EXERCISE INSTRUCTIONS. All of the data goes into your copy exactly as written. Images do not.

COLLECTED MATERIAL.

==============================

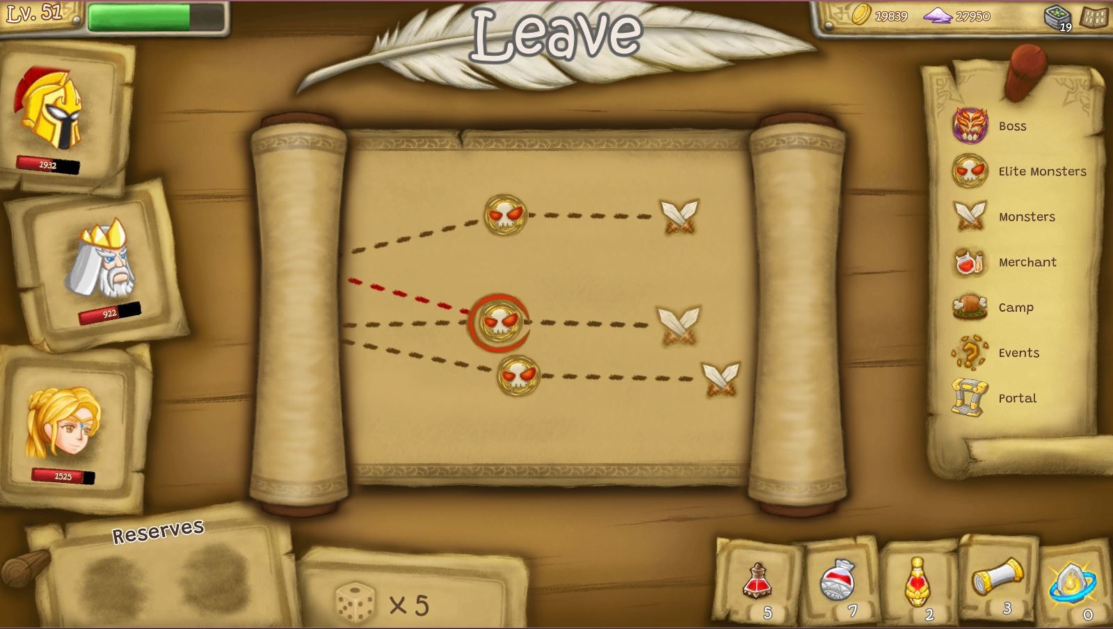 - Embark on a unique adventure every time - Move around a randomly generated tabletop map to gather coins, healing potions, and new heroes to join your party.
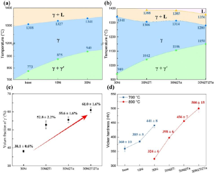 图5 (a) 基体、15Ni和30Ni合金的γ′-固溶体和γ-固相线温度。(b) 30Ni、30Ni2Ti、30Ni2Ta和30Ni2Ti2Ta合金的γ′-溶质、γ-固相线和液相线温度。(c) 800 ℃时Co-Al-Nb基合金中γ′相的体积分数。(d)Co-Al-Nb基合金在700 ℃和800 ℃时效168 h后的显微硬度演变。
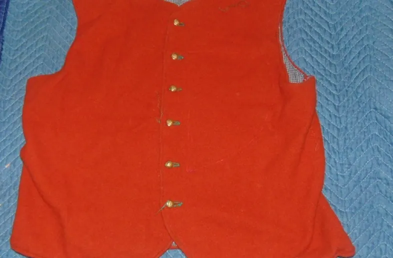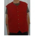 1 mountain man / buckskinner style red blanket wool vest about size 42 chest has lining and 6 brass buttons with 1 hidden inside chest pocket .( i am 42 chest 40 waist 5ft 11 tall the vest fits me loose and comfortable ...........may be adjusted by re sewing buttons i think slightly larger or smaller.

==============================

EXPECTED ANSWER.
 - Embark on a unique adventure every time - Move around a randomly generated tabletop map to gather coins, healing potions, and new heroes to join your party.
 图5 (a) 基体、15Ni和30Ni合金的γ′-固溶体和γ-固相线温度。(b) 30Ni、30Ni2Ti、30Ni2Ta和30Ni2Ti2Ta合金的γ′-溶质、γ-固相线和液相线温度。(c) 800 ℃时Co-Al-Nb基合金中γ′相的体积分数。(d)Co-Al-Nb基合金在700 ℃和800 ℃时效168 h后的显微硬度演变。
 1 mountain man / buckskinner style red blanket wool vest about size 42 chest has lining and 6 brass buttons with 1 hidden inside chest pocket .( i am 42 chest 40 waist 5ft 11 tall the vest fits me loose and comfortable ...........may be adjusted by re sewing buttons i think slightly larger or smaller.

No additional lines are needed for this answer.